Cette ambivalence soulève des questions sur la responsabilité des auteurs dans la représentation de ces relations. Si certains récits dénoncent explicitement ces dynamiques, d’autres les présentent comme des situations acceptables, voire désirables, renforçant des stéréotypes problématiques.
Mariages arrangés et réalités actuelles : entre glamourisation et enjeux sociaux dramatiques
Le mariage arrangé, bien que romantisé dans la fiction, reste une réalité dans de nombreuses cultures. À la frontière du mariage forcé, il continue d’avoir des conséquences dramatiques sur les individus, en particulier (et toujours) les femmes. Des récits comme Les Impatientes de Djaïli Amadou Amal explorent les réalités brutales de ces pratiques, mettant en lumière les pressions sociales et les injustices systémiques qu’elles engendrent.

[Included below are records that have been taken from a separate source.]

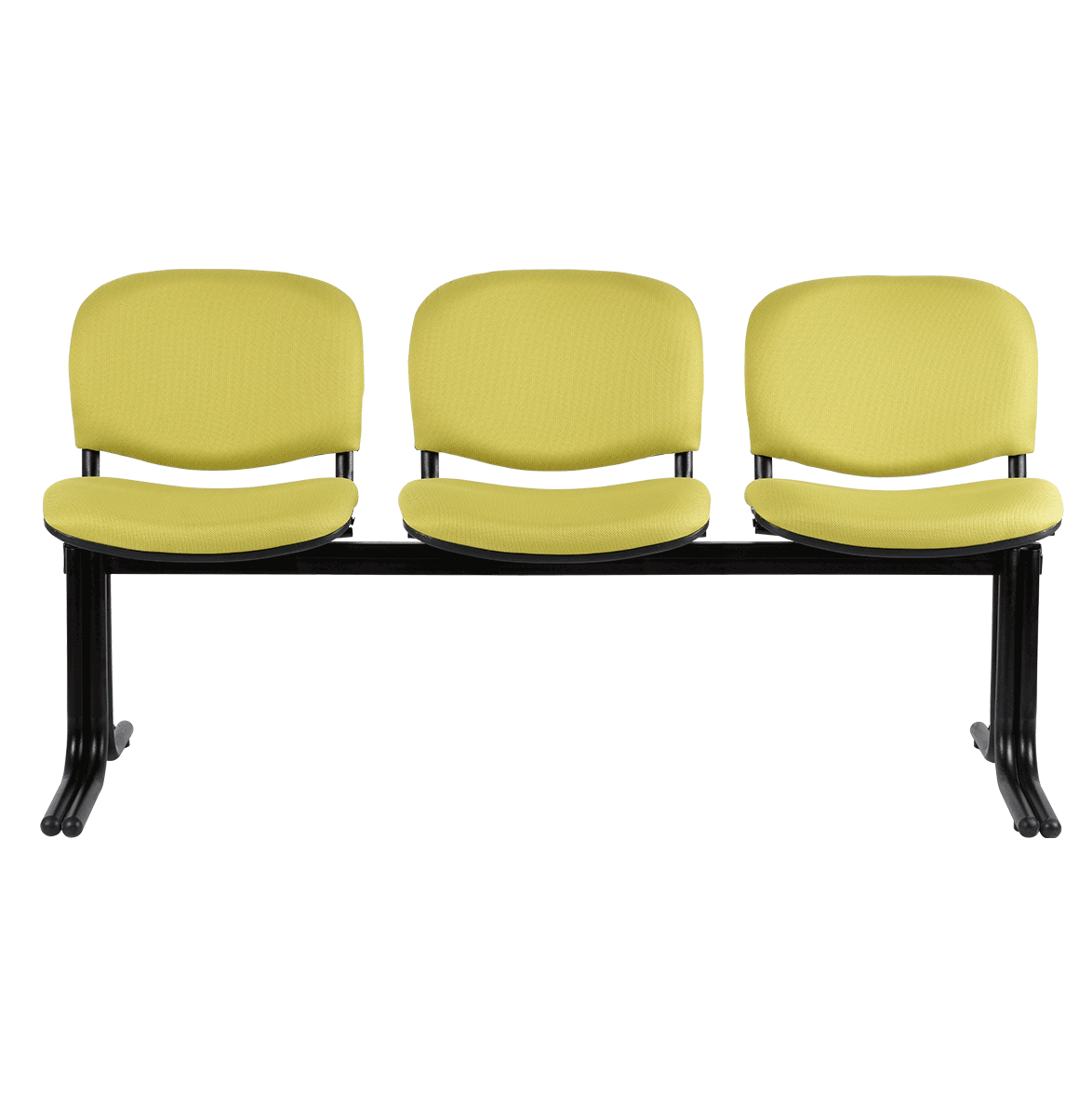 Banca de tres plazas, tapizada, pata de doble tubo
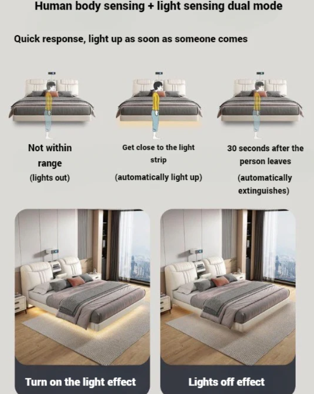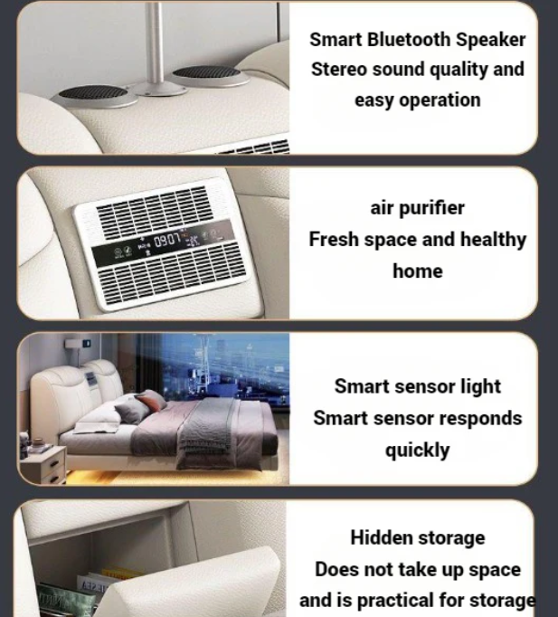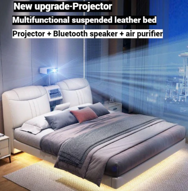 Experience the future of comfort and style with this Modern Smart Upholstery Leather Bed, crafted for the ultimate relaxation and luxury in your bedroom. Perfect for smart homes in the UAE, this intelligent bed combines elegance with innovation — featuring a built-in projector, Bluetooth speakers, USB charging ports, LED lighting, air purifier, and spacious storage compartments. Designed to elevate your lifestyle, it’s more than just a bed — it’s your personal hub for comfort, entertainment, and convenience.
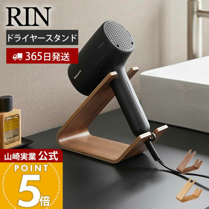 【365日出荷】山崎実業 ドライヤー&ヘアーアイロンスタンド リン RIN 公式 ドライヤー収納 ドライヤー置き ドライヤー掛け サッと使える 木目 天然木 おしゃれ ハンズフリー ブラウン ナチュラル 1332 1333
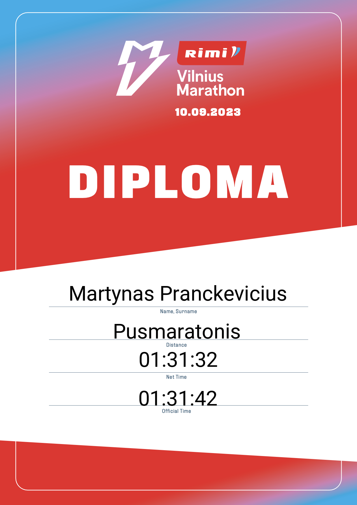 | 126 | Martynas Pranckevicius | 12966 | Lithuania | Pusmaratonis | 01:31:42 | Diplomas | |
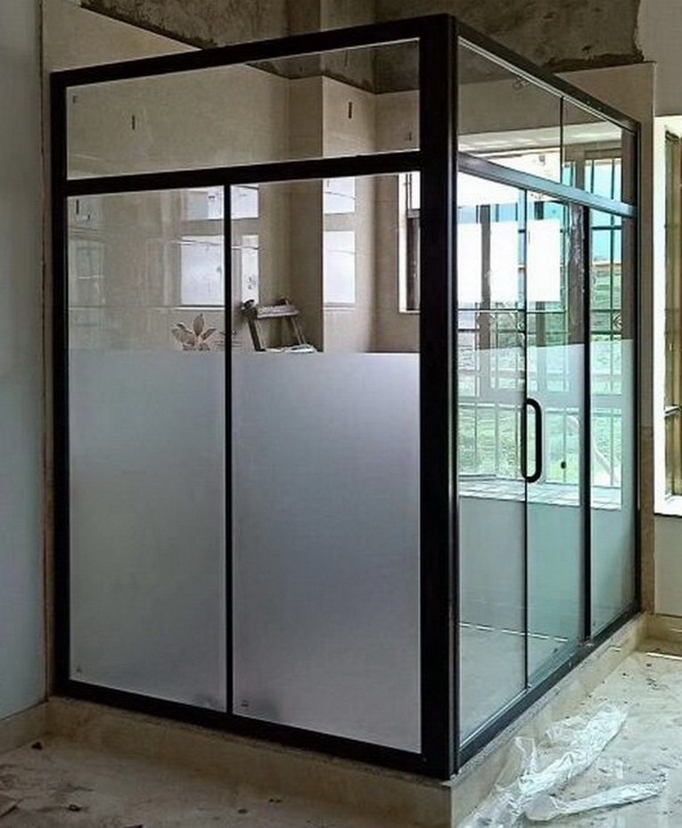 Simple shower room moving door Dressing Room Separator Flush room tempered room tempered glass bathroom Screen square L bath Ramen
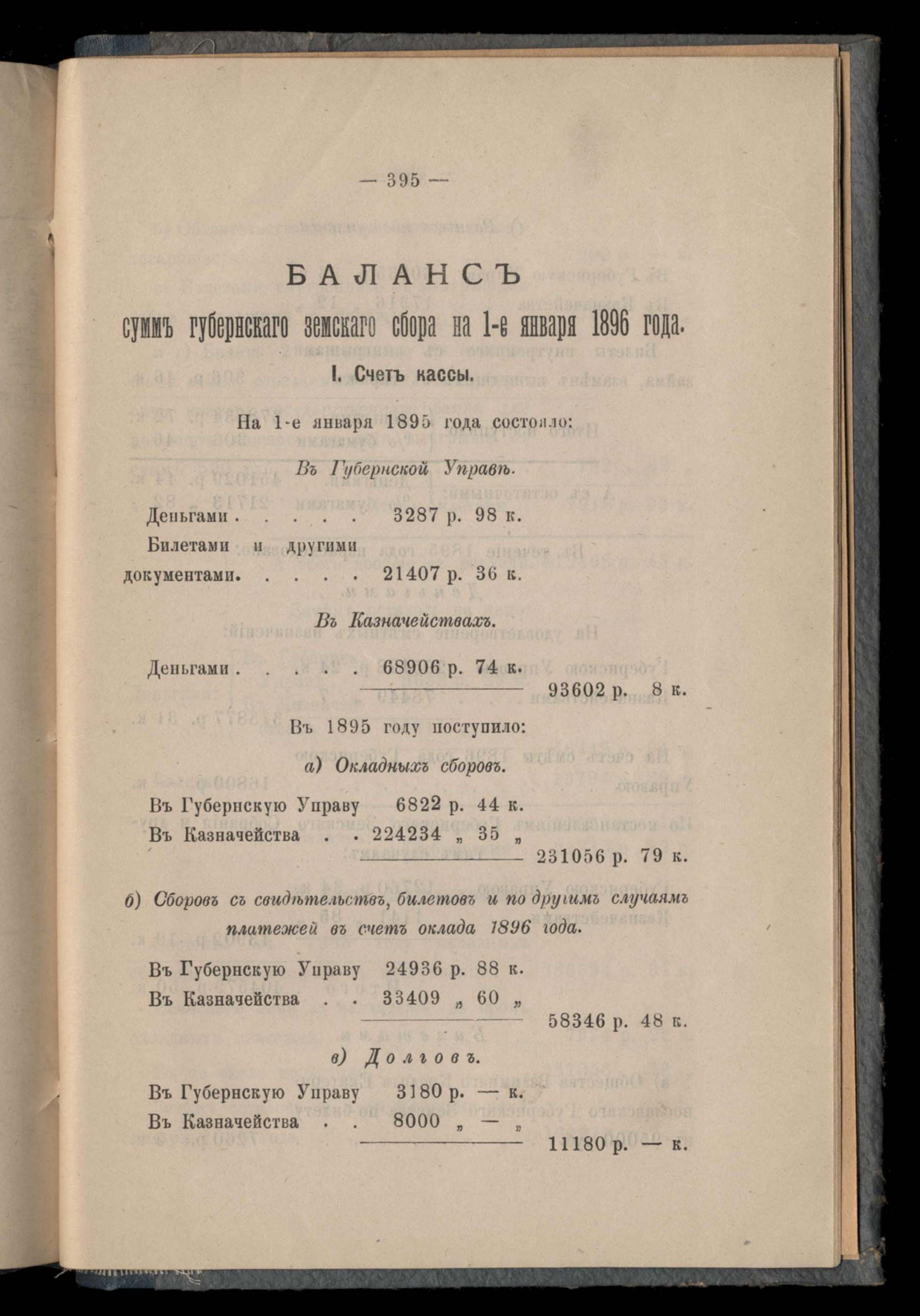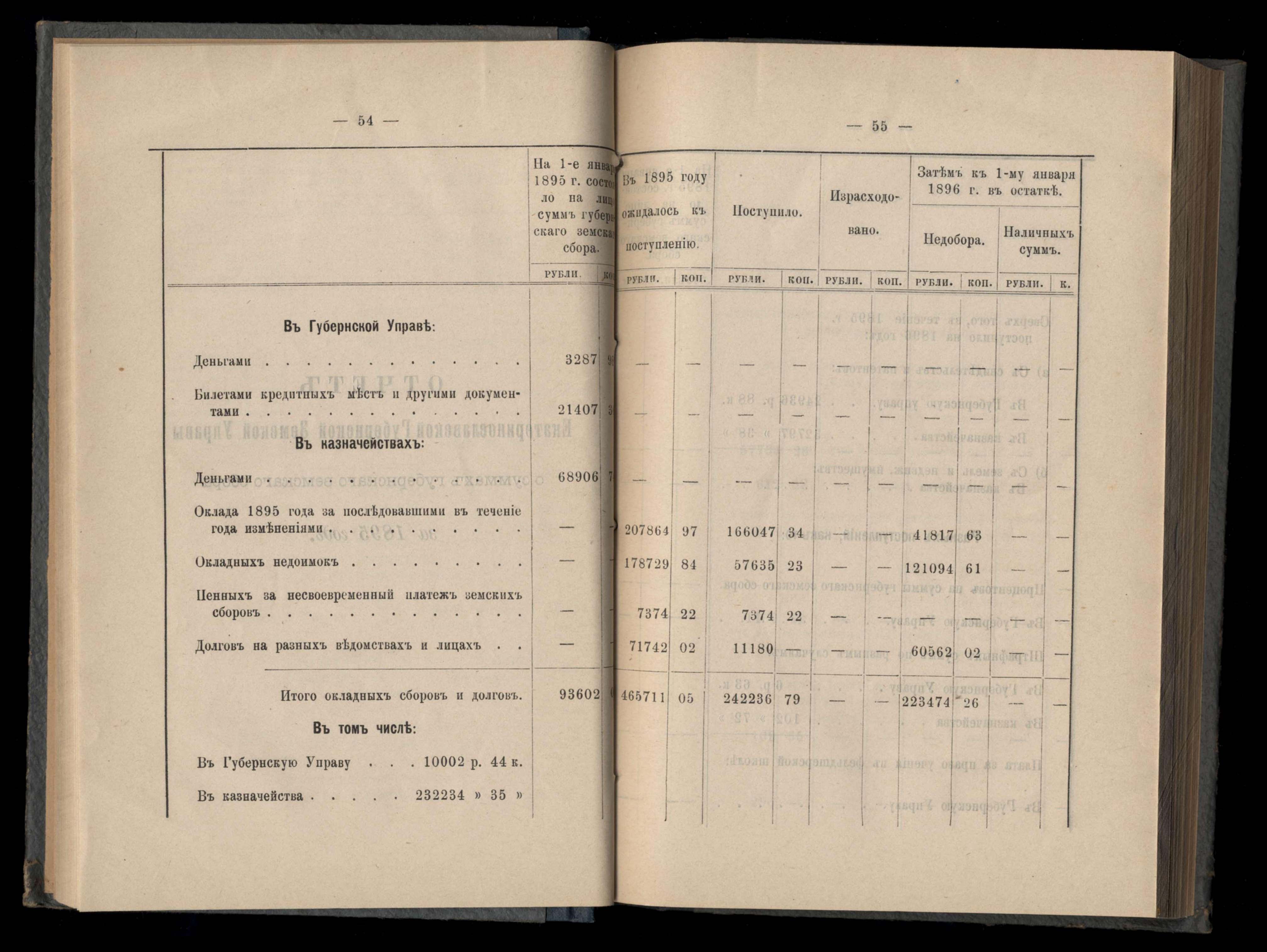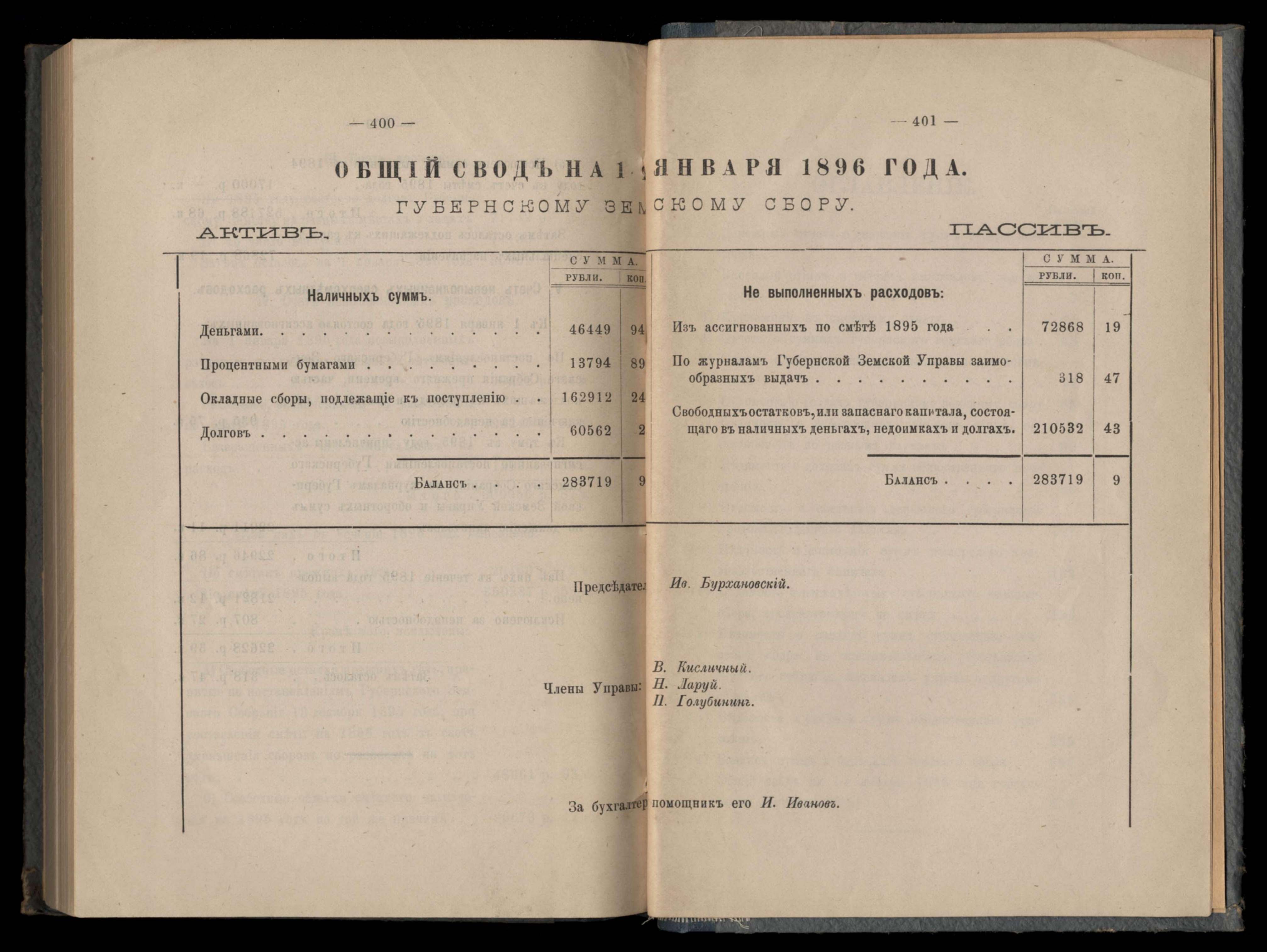 Балансъ суммъ губернскаго земскаго сбора на 1-е января 1896 года

D’autres œuvres, comme Un thé à Téhéran de Marjan Kamali, offrent une perspective nuancée sur ces pratiques, mêlant critique sociale et espoir individuel. Il en est de même pour Le club des veuves qui aimaient la littérature érotique de Balli Kaur Jaswal. Ces récits rappellent que, derrière le vernis littéraire, le mariage arrangé demeure un sujet d’actualité, nécessitant une réflexion critique pour éviter de perpétuer des idées erronées.